> What to do
Give back every record below in full and exactly, but without a single image.

§

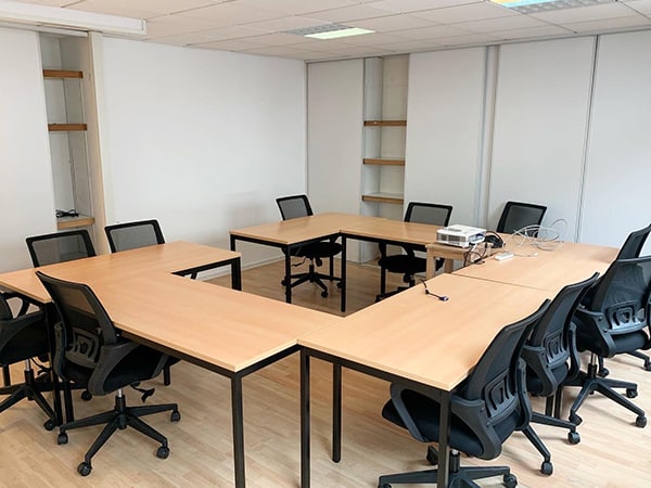 Côté bureaux : des grandes pièces, avec de larges baies vitrées sur le paysage de montagne, et enfin une salle digne de ce nom pour réunir notre petite équipe au complet ! On a même un labo photo pour les shooting produits !
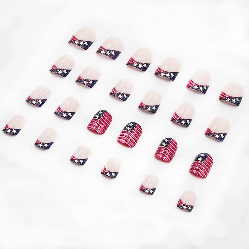 - Package: You'll get 24 french short square false nails in 12 sizes. 1 mini nail file, 1 small wooden stick, 1 piece of nail glue sticker. Independence Day glue on nails are perfect for most people's nails
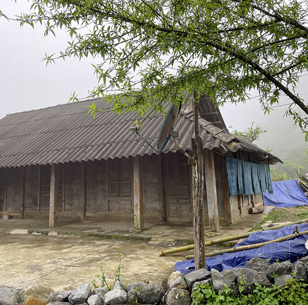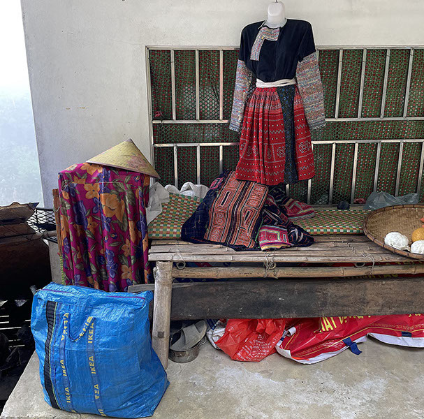 H´Mong Haus. Auf der Seite gefärbte indigo Tücher
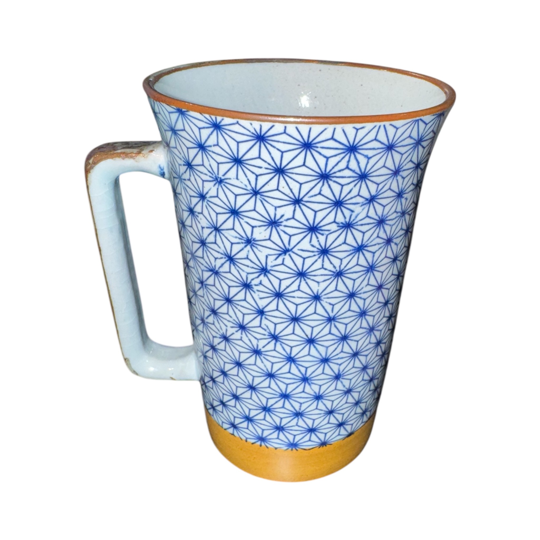 Ce grand mug japonais en grès, fabriqué à la main au Japon, se distingue par son élégant motif Asanoha bleu aux lignes étoilées. D’une généreuse contenance de 730 ml, il est traditionnellement utilisé comme chope à bière japonaise, mais convient parfaitement pour le thé, les infusions ou toute boisson chaude ou froide.
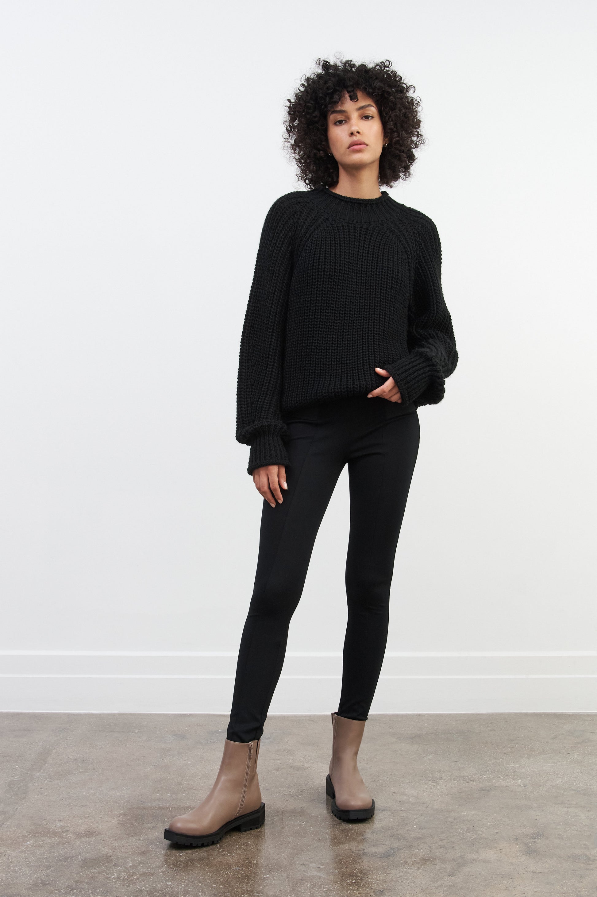 - Astrid is shown wearing Carnegie in taupe. black. and olive.

§

> Solution for this exercise
 Côté bureaux : des grandes pièces, avec de larges baies vitrées sur le paysage de montagne, et enfin une salle digne de ce nom pour réunir notre petite équipe au complet ! On a même un labo photo pour les shooting produits !
 - Package: You'll get 24 french short square false nails in 12 sizes. 1 mini nail file, 1 small wooden stick, 1 piece of nail glue sticker. Independence Day glue on nails are perfect for most people's nails
 H´Mong Haus. Auf der Seite gefärbte indigo Tücher
 Ce grand mug japonais en grès, fabriqué à la main au Japon, se distingue par son élégant motif Asanoha bleu aux lignes étoilées. D’une généreuse contenance de 730 ml, il est traditionnellement utilisé comme chope à bière japonaise, mais convient parfaitement pour le thé, les infusions ou toute boisson chaude ou froide.
 - Astrid is shown wearing Carnegie in taupe. black. and olive.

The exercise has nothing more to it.